There are various studies in the literature on the bond strengths between denture bases fabricated by subtractive or additive techniques and different hard relining resin materials [7, 13, 16]. No consensus has been reached on the gold standard of denture base fabrication technique and relining resin material. Moreover, the fixation of the milled and/or 3D printed IPHPs to any implant components have not been investigated in the literature until now. Previous studies have only investigated the mechanical strengths of conventional heat-polymerized denture bases to components like ball attachments or locator housings [17,18,19]. The aims of this in-vitro study were to investigate the effects of different denture base fabrication techniques and hard relining resin materials on the fixation of titanium cylinders to IPHPs using a push-out test, and to observe the failure types. The null hypothesis of the study was that different denture base fabrication techniques and hard relining resin materials would not affect the push-out force for the fixation of IPHPs to titanium cylinders.
Methods
A power analysis was performed by using the G-Power 3.1.9.4 software (Heinrich, Heine University, Dusseldorf, Germany) to determine the number of specimens, based on data from a reference article [7]. The analysis indicated that a minimum of six specimens was required (effect size: 2.07, power: 0.95), and the subgroup size was set as seven in this study.

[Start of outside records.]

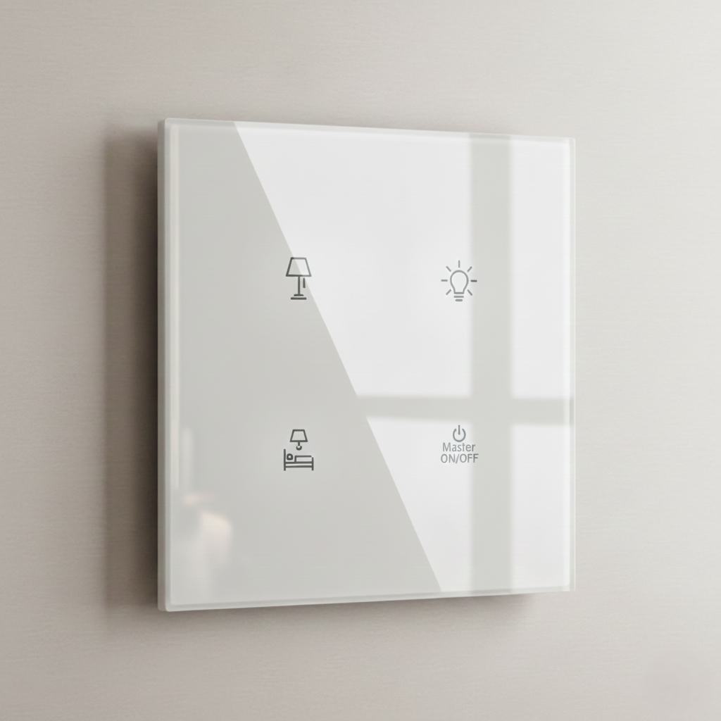 Fox Domotics manufactures premium touch switches designed specifically for light control in hotels. Our product range includes various sizes and configurations to meet different requirements, offering combinations of: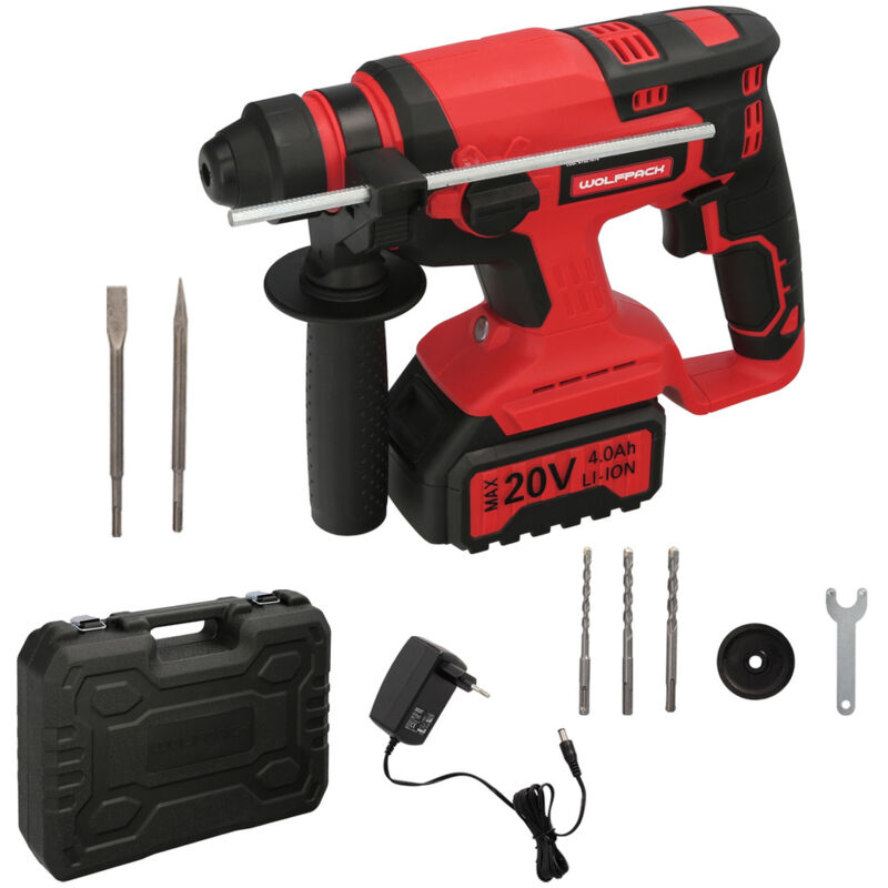 Martello SDS PLUS con motore brushless e batteria al litio da 20 Volt e 4 Ah, progettato per fornire elevate prestazioni nel fai da te e nell'edilizia. Questo martello si distingue per la sua versatilità, poiché dispone di 3 funzioni: scalpellatura, foratura e perforazione a percussione, che lo rendono lo strumento multifunzione per lavori su calcestruzzo, muratura, muri e altro ancora. La velocità a vuoto da 0 a 1.400 giri al minuto e un'energia d'impatto di 1,7 Joule garantiscono un'efficienza ottimale in ogni attività. Inoltre, il mandrino portapunta con sistema SDS PLUS facilita il cambio rapido degli accessori. Grazie al variatore di funzioni è possibile adattare la modalità di lavoro in base alle esigenze di ogni attività. L'impugnatura gommata offre maggiore comfort ed ergonomia durante l'uso. Questo martello SDS PLUS può forare fino a 13 mm nell'acciaio, 28 mm nel legno e 22 mm nel cemento. Inoltre sono inclusi vari accessori come batteria, caricabatterie, punte SDS PLUS di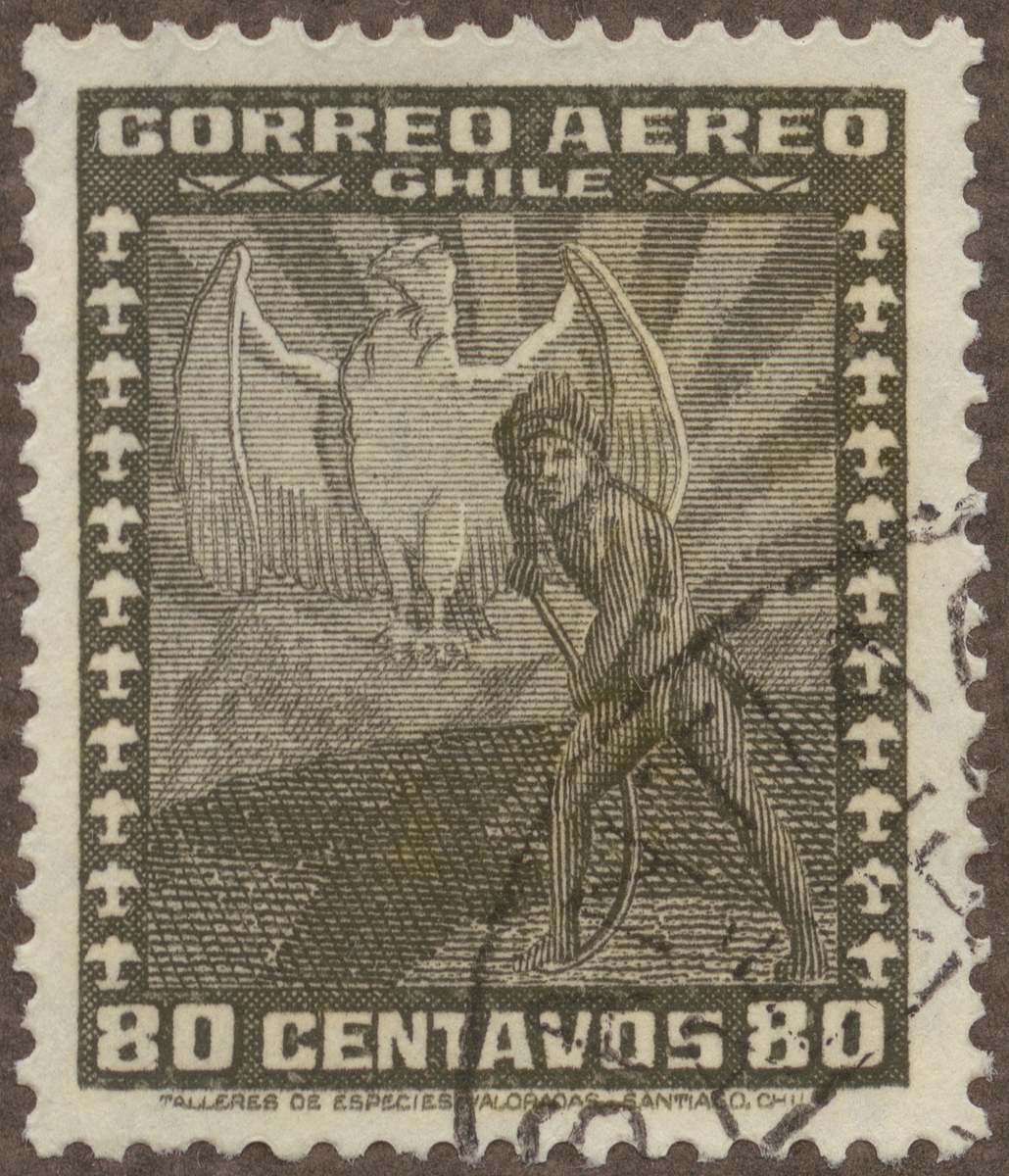 Frimärke från Chile, 1935. Motiv av Staty över Caupolican - Flygsymbol -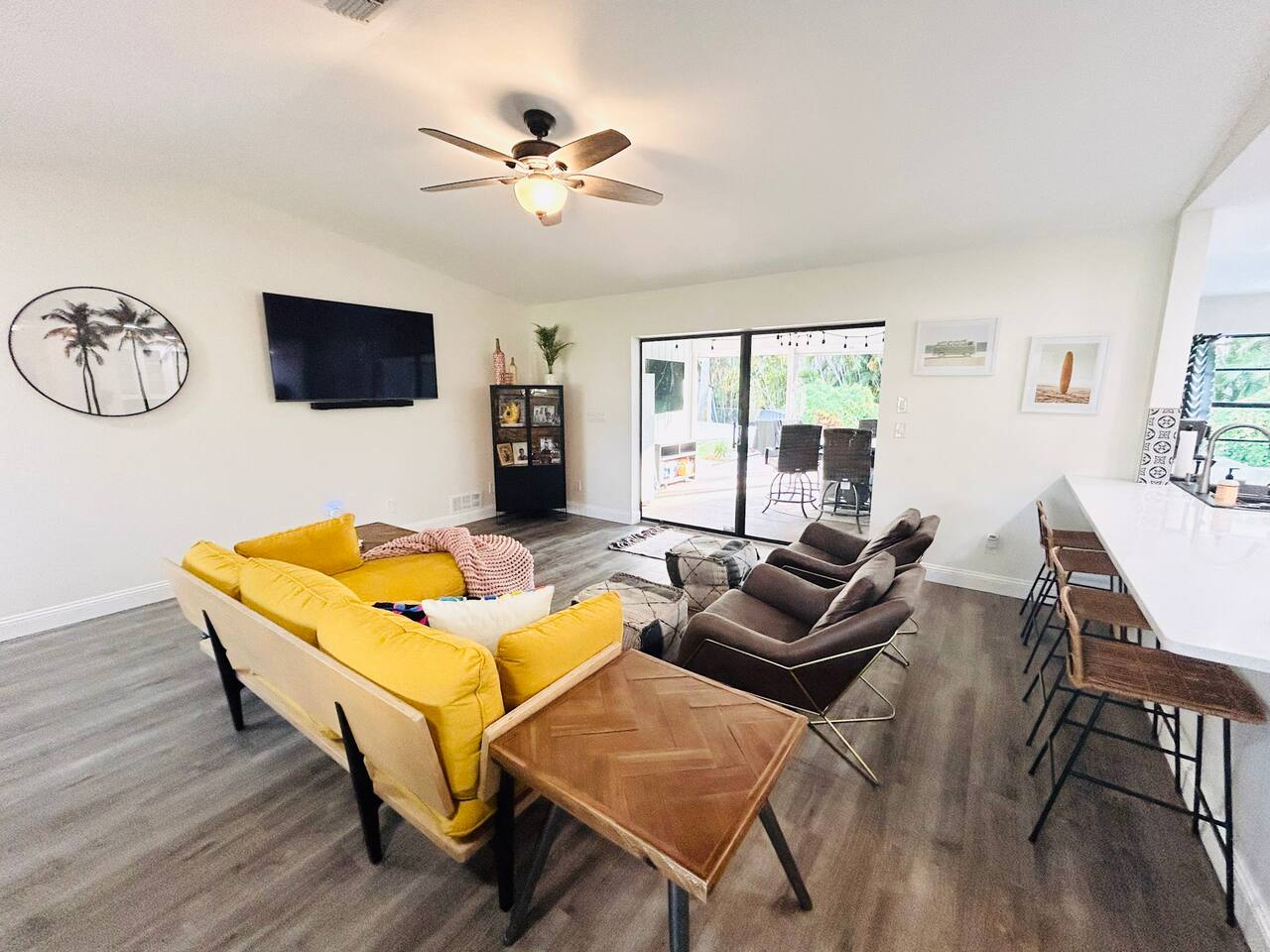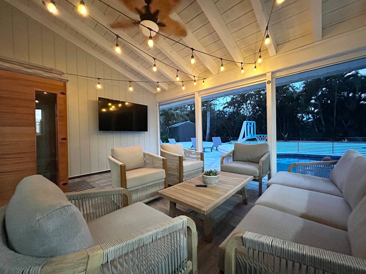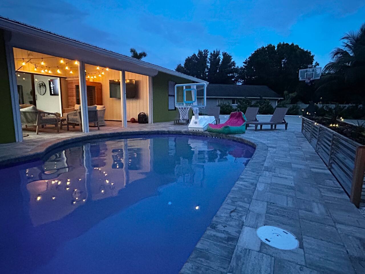 Location is everything! Situated just minutes from the beaches of Sanibel and Ft Myers, you'll appreciate the convenience of many nearby restaurants and local bars. The kids won’t be bored with our 9 hole mini golf course, pickleball, basketball, and huge heated pool and hot tub! This serene neighborhood is ideal for your next family getaway. The garage is complete with AC, TV and a queen sleeper sofa, perfect for everyone to have their own space! New to the rental market and will book fast!

A total of 140 acrylic resin specimens were fabricated using four different techniques: milling, 3D printing, conventional heat-polymerization and injection molding (N = 35). Each fabrication group was then randomly divided into five relining resin subgroups: acrylic resin-based hard relining material (Ufi Gel Hard; Voco GmbH, Cuxhaven, Germany) (UGH), heat-polymerized acrylic resin (Futura Basic Hot; Schütz Dental GmbH, Rosbach, Germany) (FBH), autopolymerizing composite resin (Quick Up; Voco GmbH, Cuxhaven, Germany) (QP), autopolymerizing denture repair resin based on diacrylate (Qu-resin; Bredent, Senden, Germany) (QR), and autopolymerizing low shrinkage modelling acrylic resin (Pattern resin LS; GC America, Alsip, IL, USA) (PR). The brand names, manufacturers, chemical compositions, and lot numbers of the denture base materials and hard relining resin materials used in this study are listed in Table 1.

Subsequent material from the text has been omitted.